◆ Exercise goal
Retype word for word the stretch of entries below from the line that has "Medellin Venetian mask" through the line that has "一年一度的新年到了,感恩师尊", and omit the pictures.

◆ Data under study

┄┄┄┄┄┄

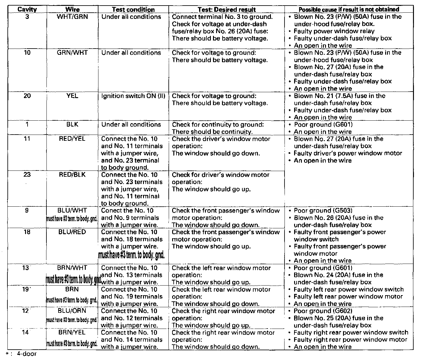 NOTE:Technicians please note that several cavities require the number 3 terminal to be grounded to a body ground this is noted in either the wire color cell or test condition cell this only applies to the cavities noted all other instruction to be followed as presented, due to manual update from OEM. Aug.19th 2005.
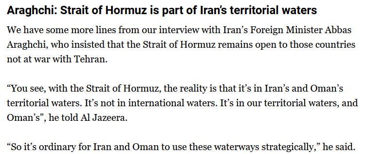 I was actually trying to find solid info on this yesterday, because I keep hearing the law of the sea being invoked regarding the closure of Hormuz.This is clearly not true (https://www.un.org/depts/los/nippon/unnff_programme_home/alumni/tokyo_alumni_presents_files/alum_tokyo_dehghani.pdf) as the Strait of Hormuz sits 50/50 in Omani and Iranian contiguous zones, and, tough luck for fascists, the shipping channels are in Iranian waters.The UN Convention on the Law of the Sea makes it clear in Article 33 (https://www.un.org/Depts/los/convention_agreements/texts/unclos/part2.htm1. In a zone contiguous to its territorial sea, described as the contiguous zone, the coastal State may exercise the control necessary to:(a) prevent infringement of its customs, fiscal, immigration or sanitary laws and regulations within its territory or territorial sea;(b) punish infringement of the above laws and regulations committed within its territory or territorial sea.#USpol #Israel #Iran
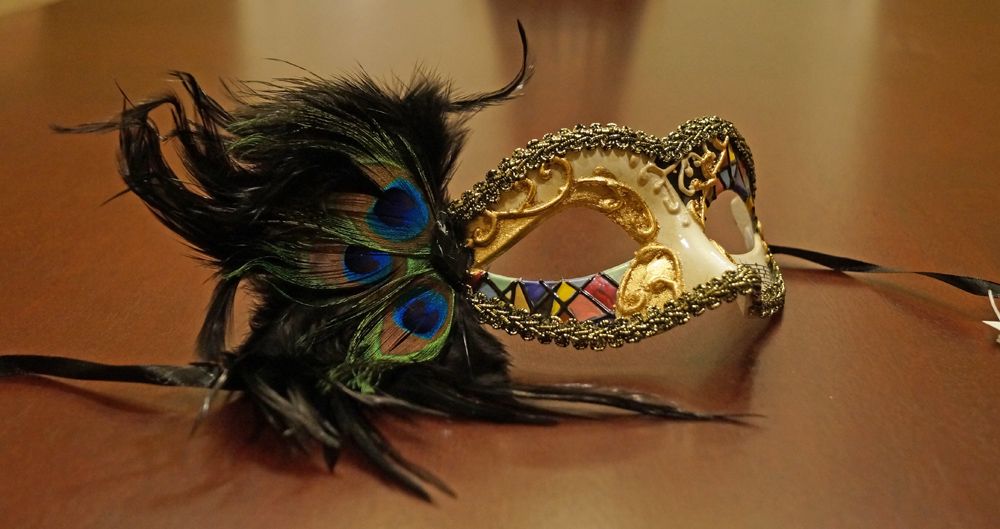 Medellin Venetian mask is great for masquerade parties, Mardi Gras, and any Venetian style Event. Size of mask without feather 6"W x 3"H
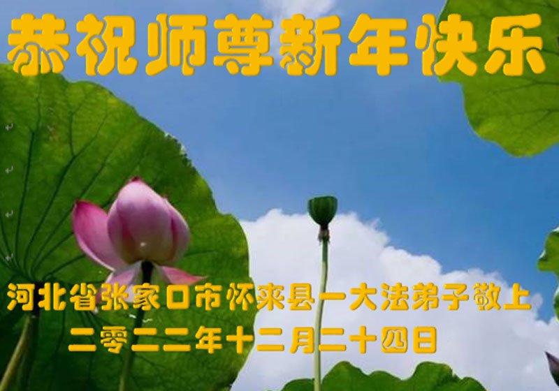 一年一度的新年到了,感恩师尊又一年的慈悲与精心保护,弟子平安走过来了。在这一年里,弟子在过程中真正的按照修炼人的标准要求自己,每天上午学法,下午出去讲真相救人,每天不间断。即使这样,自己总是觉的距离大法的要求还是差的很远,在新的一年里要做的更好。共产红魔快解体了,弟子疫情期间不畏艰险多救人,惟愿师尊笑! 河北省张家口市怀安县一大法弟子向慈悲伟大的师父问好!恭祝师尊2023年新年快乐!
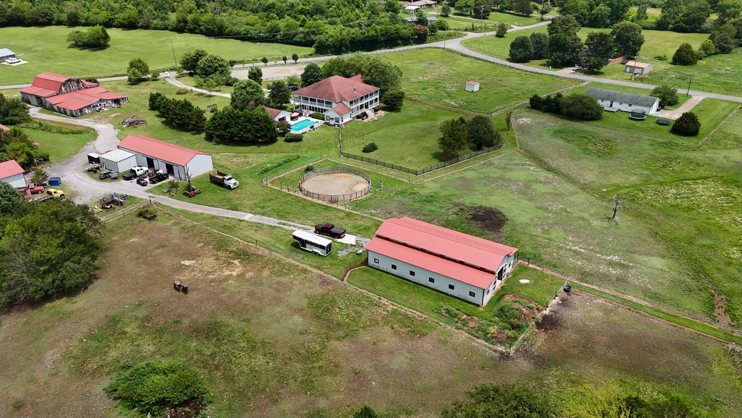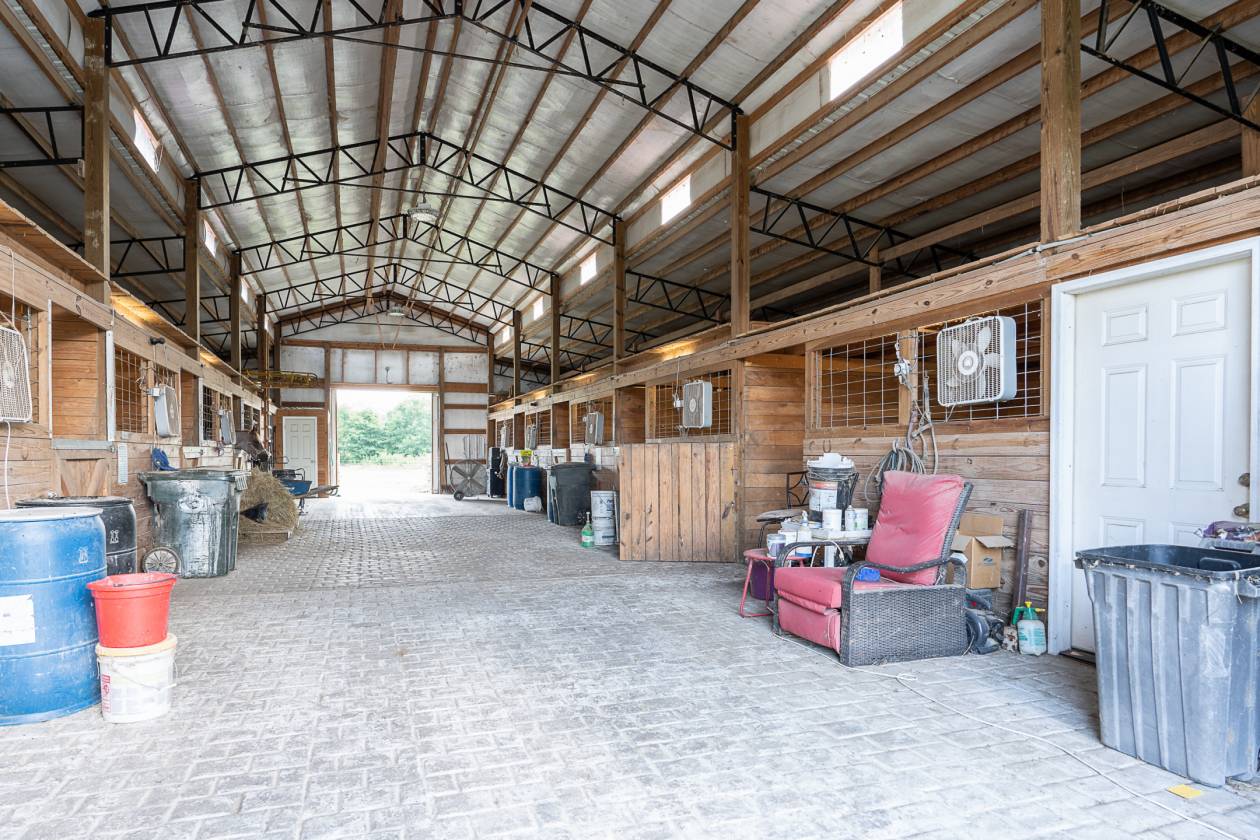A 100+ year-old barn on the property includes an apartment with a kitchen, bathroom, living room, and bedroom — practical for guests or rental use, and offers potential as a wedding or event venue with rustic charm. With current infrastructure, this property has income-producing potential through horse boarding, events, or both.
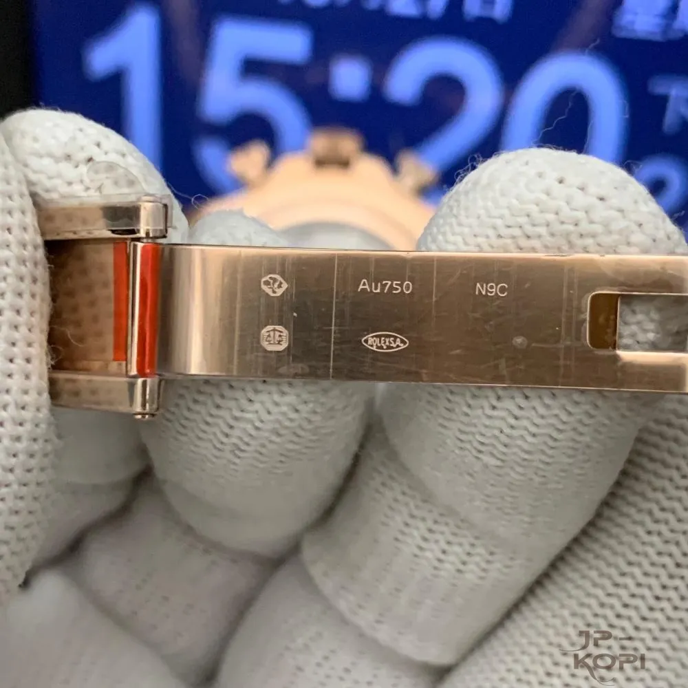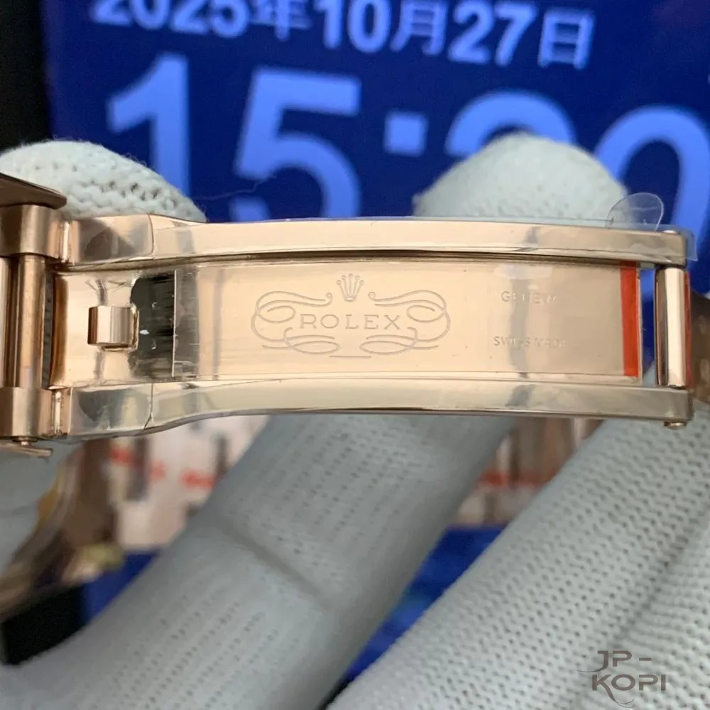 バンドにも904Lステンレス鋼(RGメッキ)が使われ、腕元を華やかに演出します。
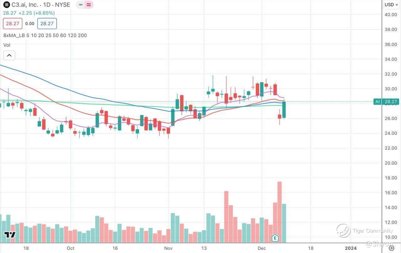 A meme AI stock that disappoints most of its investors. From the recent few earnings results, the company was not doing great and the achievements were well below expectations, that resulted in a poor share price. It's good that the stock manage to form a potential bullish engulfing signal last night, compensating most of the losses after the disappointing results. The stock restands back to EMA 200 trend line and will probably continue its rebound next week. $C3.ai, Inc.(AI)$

┄┄┄┄┄┄

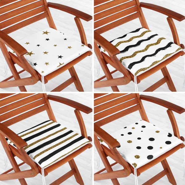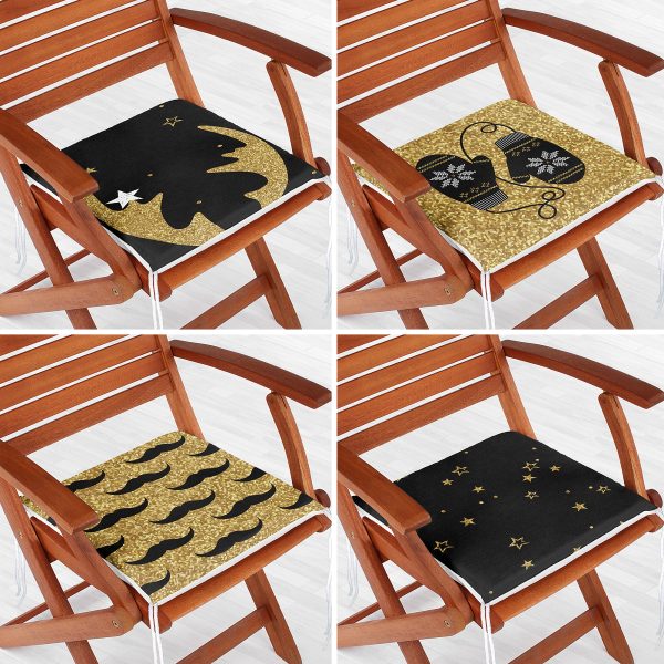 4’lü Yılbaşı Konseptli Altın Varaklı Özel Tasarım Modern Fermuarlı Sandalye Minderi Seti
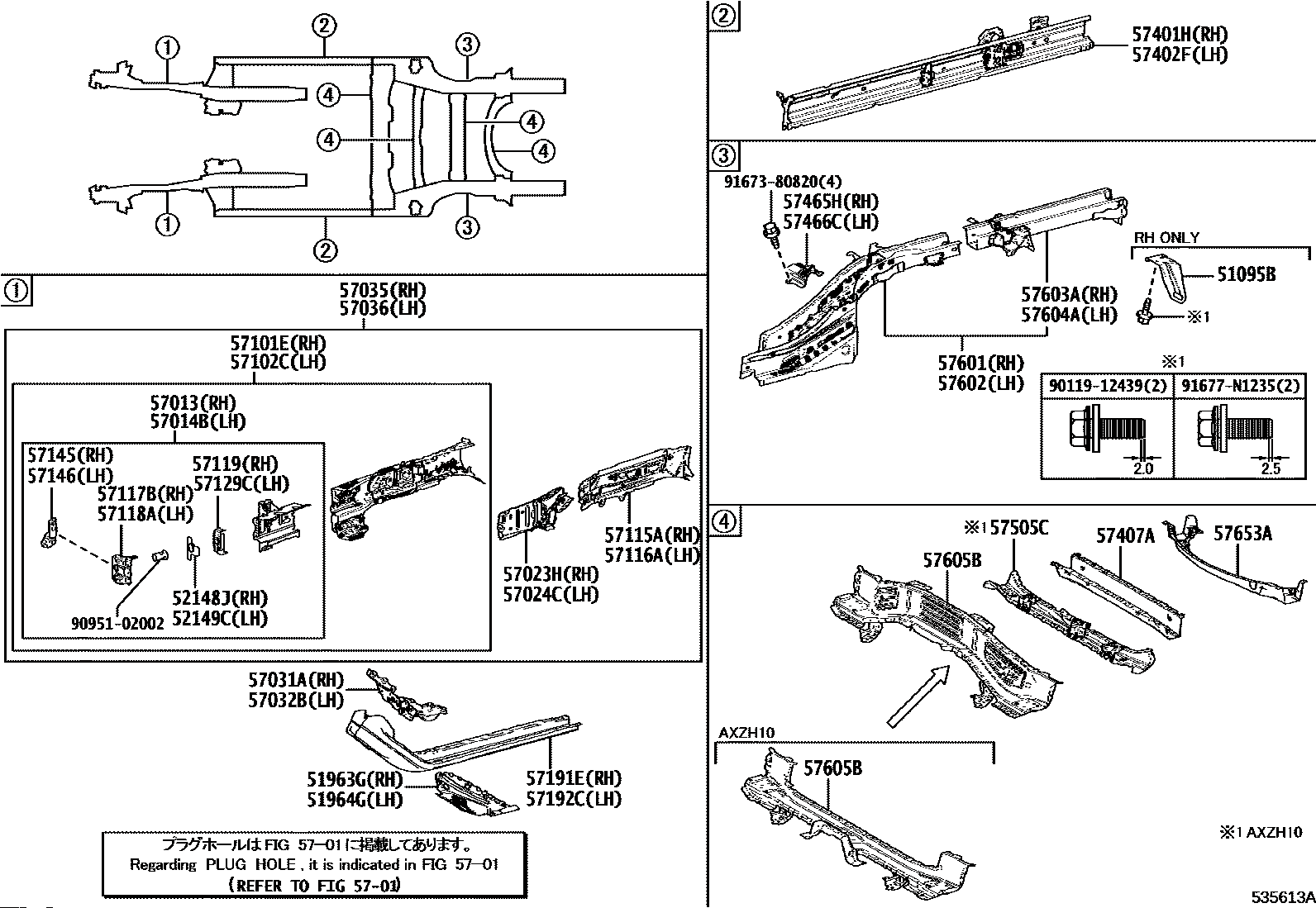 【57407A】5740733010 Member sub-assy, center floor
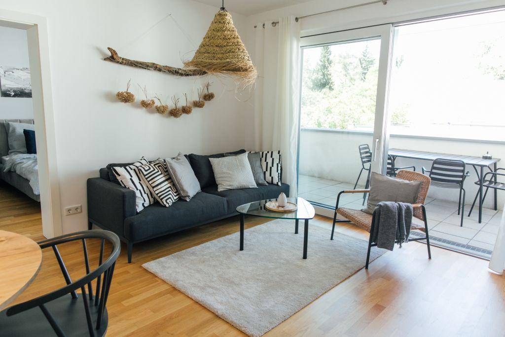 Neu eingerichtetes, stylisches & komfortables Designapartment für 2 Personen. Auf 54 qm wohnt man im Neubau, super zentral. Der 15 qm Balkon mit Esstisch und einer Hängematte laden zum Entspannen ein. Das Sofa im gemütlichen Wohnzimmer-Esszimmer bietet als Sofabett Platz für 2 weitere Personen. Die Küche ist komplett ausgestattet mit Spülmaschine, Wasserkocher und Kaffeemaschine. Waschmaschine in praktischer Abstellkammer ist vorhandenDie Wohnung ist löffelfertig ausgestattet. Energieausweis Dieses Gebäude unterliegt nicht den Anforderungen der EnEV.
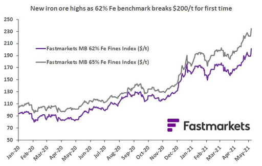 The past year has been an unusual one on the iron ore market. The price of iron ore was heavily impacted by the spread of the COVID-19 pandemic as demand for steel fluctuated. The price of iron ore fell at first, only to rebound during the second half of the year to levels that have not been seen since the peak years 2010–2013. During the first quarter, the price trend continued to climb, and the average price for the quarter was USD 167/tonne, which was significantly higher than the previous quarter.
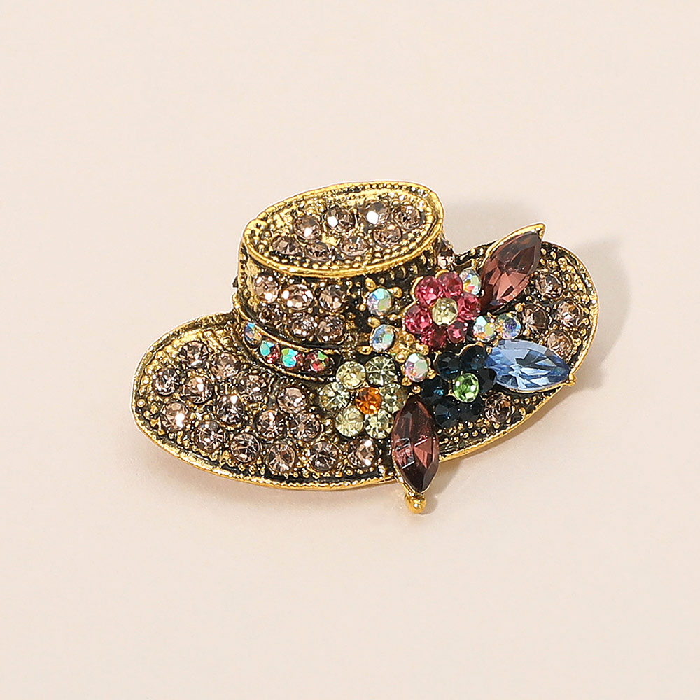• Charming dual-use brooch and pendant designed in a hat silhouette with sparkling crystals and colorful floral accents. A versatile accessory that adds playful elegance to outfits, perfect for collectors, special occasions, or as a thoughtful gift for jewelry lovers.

┄┄┄┄┄┄

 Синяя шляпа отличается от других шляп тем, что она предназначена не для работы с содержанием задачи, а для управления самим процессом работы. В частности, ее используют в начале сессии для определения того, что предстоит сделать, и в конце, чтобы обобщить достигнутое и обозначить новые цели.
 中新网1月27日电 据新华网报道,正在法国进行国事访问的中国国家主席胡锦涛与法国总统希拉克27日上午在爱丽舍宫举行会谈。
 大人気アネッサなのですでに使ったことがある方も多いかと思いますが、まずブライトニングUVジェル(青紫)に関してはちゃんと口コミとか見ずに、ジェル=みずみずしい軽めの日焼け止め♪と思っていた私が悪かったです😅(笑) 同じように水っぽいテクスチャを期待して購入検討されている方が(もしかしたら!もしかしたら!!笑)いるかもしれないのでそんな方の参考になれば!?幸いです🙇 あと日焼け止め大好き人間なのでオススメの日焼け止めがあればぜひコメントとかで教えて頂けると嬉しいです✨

┄┄┄┄┄┄

◆ Solution for this exercise
 Medellin Venetian mask is great for masquerade parties, Mardi Gras, and any Venetian style Event. Size of mask without feather 6"W x 3"H
 一年一度的新年到了,感恩师尊又一年的慈悲与精心保护,弟子平安走过来了。在这一年里,弟子在过程中真正的按照修炼人的标准要求自己,每天上午学法,下午出去讲真相救人,每天不间断。即使这样,自己总是觉的距离大法的要求还是差的很远,在新的一年里要做的更好。共产红魔快解体了,弟子疫情期间不畏艰险多救人,惟愿师尊笑! 河北省张家口市怀安县一大法弟子向慈悲伟大的师父问好!恭祝师尊2023年新年快乐!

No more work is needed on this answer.